Jack McShane

Personal information
- Nationality: Australian
- Born: 2005

Sport
- Sport: Bowls
- Club: Club Merrylands (outdoors)

Achievements and titles
- Highest world ranking: 2 (December 2024)

Medal record
World Bowls Indoor Championships
| Gold medal – first place | 2025 Aberdeen | singles |
Australian nationals/open
| Gold medal – first place | 2022 | pairs |
| Gold medal – first place | 2022 | fours |

= Jack McShane =

Australian lawn bowler

Jack McShane is an international Australian lawn and indoor bowler, who won the world singles gold medal at the 2025 World Bowls Indoor Championships.
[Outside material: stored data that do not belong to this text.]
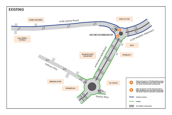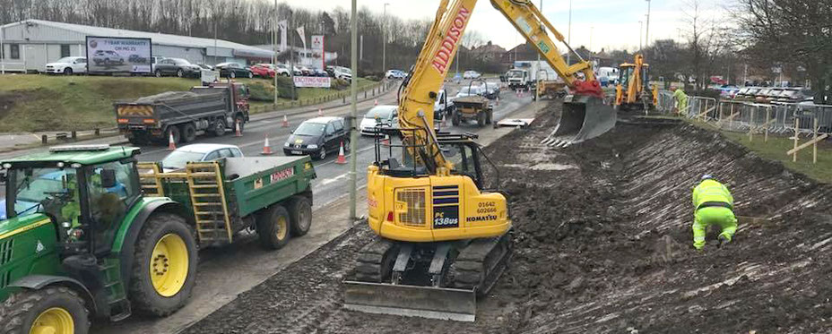 PROJECT SUMMARY Addison Plant worked as a sub-contractor to Galliford Try to convert the Arches roundabout to a traffic signal junction and create a new link road between Hobson Way and A185 Jarrow Road. The A194/Hobson Way/Elswick Way Roundabout was also converted to a traffic signal junction with the A194 Newcastle Road being widened to accommodate two right-turn lanes onto Hobson Way. • The contract involved working in restricted Traffic Management hours to remove existing footpaths and saw cut existing roads. Excavate to formation level, excavate box-cuts and fill with stone for road widening. • Carrying out CBR tests. • Installation of temporary footpaths for diversion works. • Re – profiling existing batters and stabilising works due to new gradients. • Earthworks through 9000m3 of brown field areas, removal of contaminated spoil off site. • Topsoil of batters and other areas for new road and footpath. • Install new drainage 150mm dia up to 450mm. • Build new manholes and catch pits. • Connect into existing manholes up to 7 metre deep. • 30 metres of 300mm pipe jacking from 3 metre jacking pit to 7 metre reception pit with manholes on completion • Installing filter drains and attenuation tanks 30m x 3.5m x 3.5m deep. • Locating of existing services and moving over/lowering to accommodate new paths and kerbs. • Installing new T.S. ducting and S.L. with duct boxes and NAL sockets for new traffic signals.
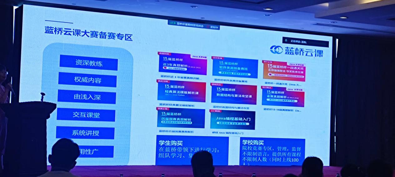 为帮助各参赛院校更好地准备新一届蓝桥杯大赛,促进教师提升竞赛辅导质量,提高院校专业建设和课程教学改革水平。本次特邀蓝桥杯大赛(软件类)专家就第十三届大赛进行总结回顾、近几届(软件类)题型和算法、 选手常见失误分析、竞赛辅导经验等进行重点培训和交流;此外大赛组委会特邀教育部1+X 大数据应用开发(Java)考试项目负责人对产教融合进行介绍,并为参会老师免费搭建蓝桥云课计算机在线实验教学平台。
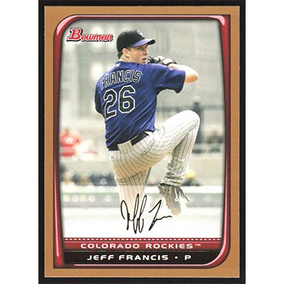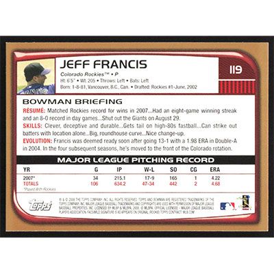 This is a 2008 Bowman Gold Jeff Francis baseball card. The card is #119 and pictures show condition.
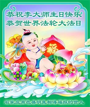 河北石家庄高邑县一大法小弟子恭贺世界法轮大法日暨师尊华诞!
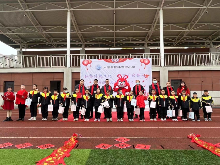福兔贺岁,喜悦欢腾。为了激励同学们以崭新的面貌迎接新学年,我区畔湖湾小学开启了一场拥有仪式感和传统文化内涵于一体的“弘扬传统文化润育时代新人”为主题的开学礼。在“福兔财神迎师生”、“福气满满送红包”、“欢欢喜喜过福门”三个仪式感满满的环节中拉开序幕。
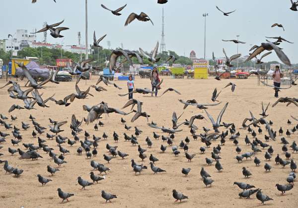 சென்னை மெரினா கடற்கரையில் இரை தேடும் புறாக்களை விரட்டி பிடித்து மகிழ்ந்த சிறுமி.
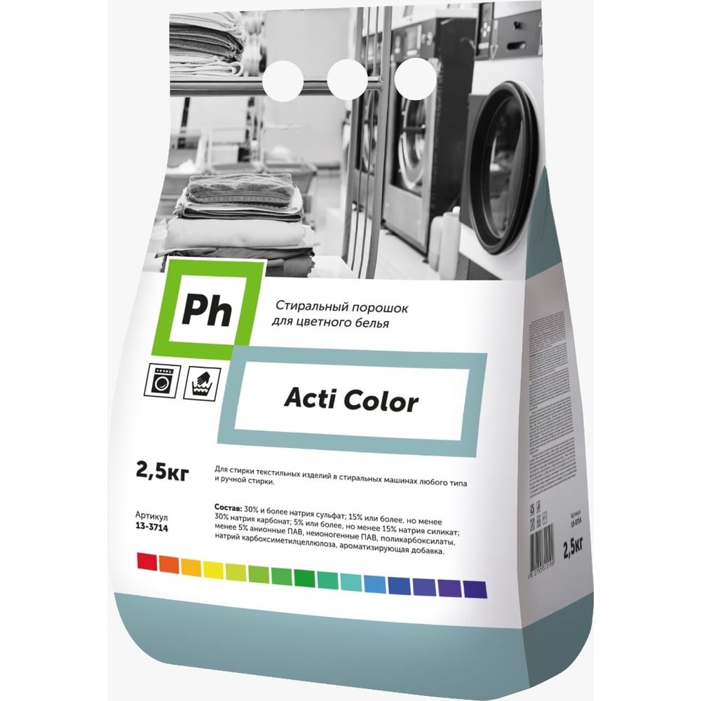 Стиральный порошок для цветного белья Ph Acti Color предназначен для стирки текстильных изделий, расходных материалов для уборки, а также других изделий из хлопчатобумажных, льняных, синтетических и смесовых тканей, в том числе загрязненных биологическими субстратами, остатками пище в стиральных машинах любого типа и ручной стирки. Удаляет органические загрязнения и сложные пятна, сохраняет яркость красок, не повреждает волокна ткани, придает белью свежий аромат. Область применения: На предприятиях индустриальной, фармацевтической, пищевой и перерабатывающей промышленности, общественного питания, торговли, коммунально-бытового обслуживания, химчистках и прачечных, санаторно-курортных, детских, дошкольных, школьных и других образовательных учреждений, общественных зданиях и сооружениях, объектах железнодорожного, воздушного и водного транспорта, населением в быту в стиральных машинах любого типа и ручной стирки. Способ применения: При стирке изделий не превышать температуру, указанную на ярлыках текстильных изделий: 40 °С - синтетические ткани и ткани из смешанных волокон; 60-90 °С - хлопок, лен. В регионах с повышенной жесткостью воды дозировку рекомендуется увеличивать в 1,5 раза. 1 мерный стакан объемом 200 мл вмещает 100 грамм средства.
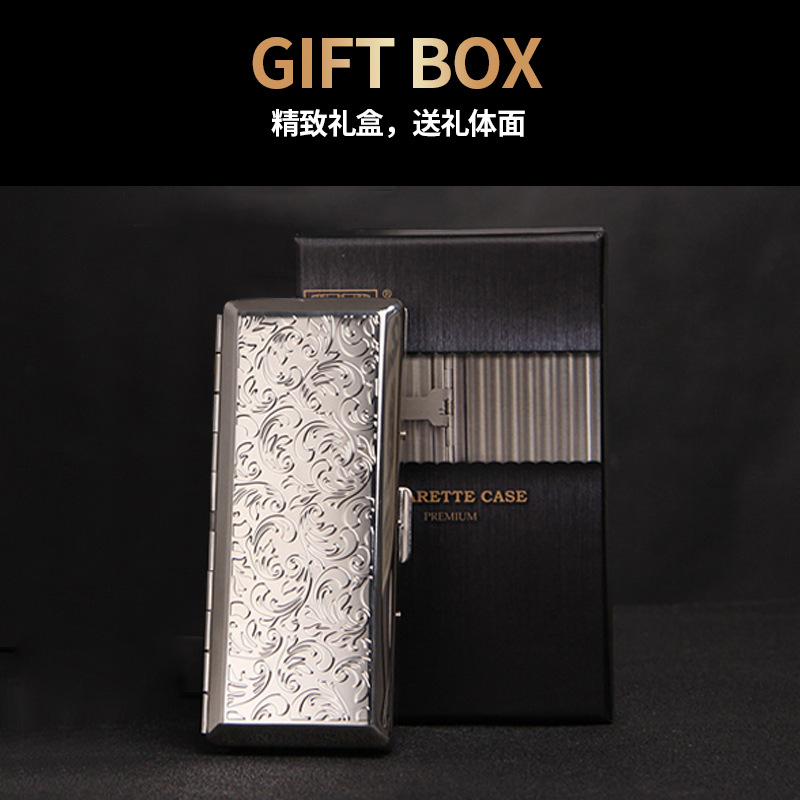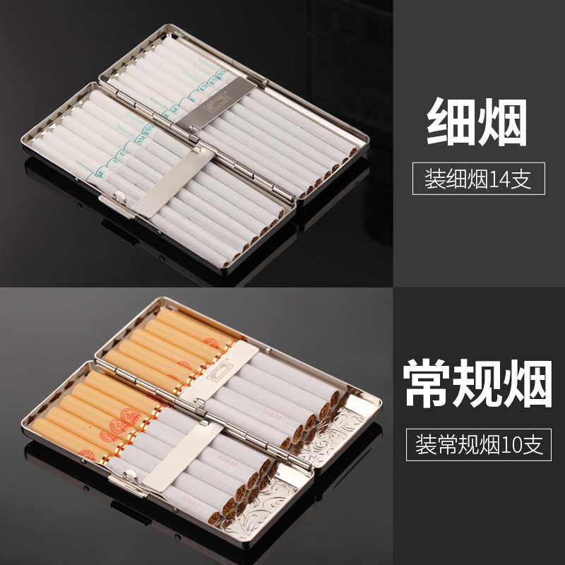双枪女细烟盒14支装加长款男香菸盒个性创意便携金属烟夹烟具新

He reached a career high ranking of world number 2 in December 2024.

== Bowls career ==
McShane started bowling at the age of 3 and came to prominence in 2022 after winning the pairs with Shawn Thompson at the Australian National Bowls Championships and subsequently being awarded the 2022 Bowls Australia under-18 Bowler of the Year.

During 2024, McShane won the 2024 Australian Open pairs with Joey Clarke and the 2024 Australian Indoor Championships singles which propelled him to number 2 in the world, in addition to qualification for him to represent Australia at the 2025 World Bowls Indoor Championships.

Subsequently in 2025, McShane won the gold medal at the 2025 World Bowls Indoor Championships in Aberdeen.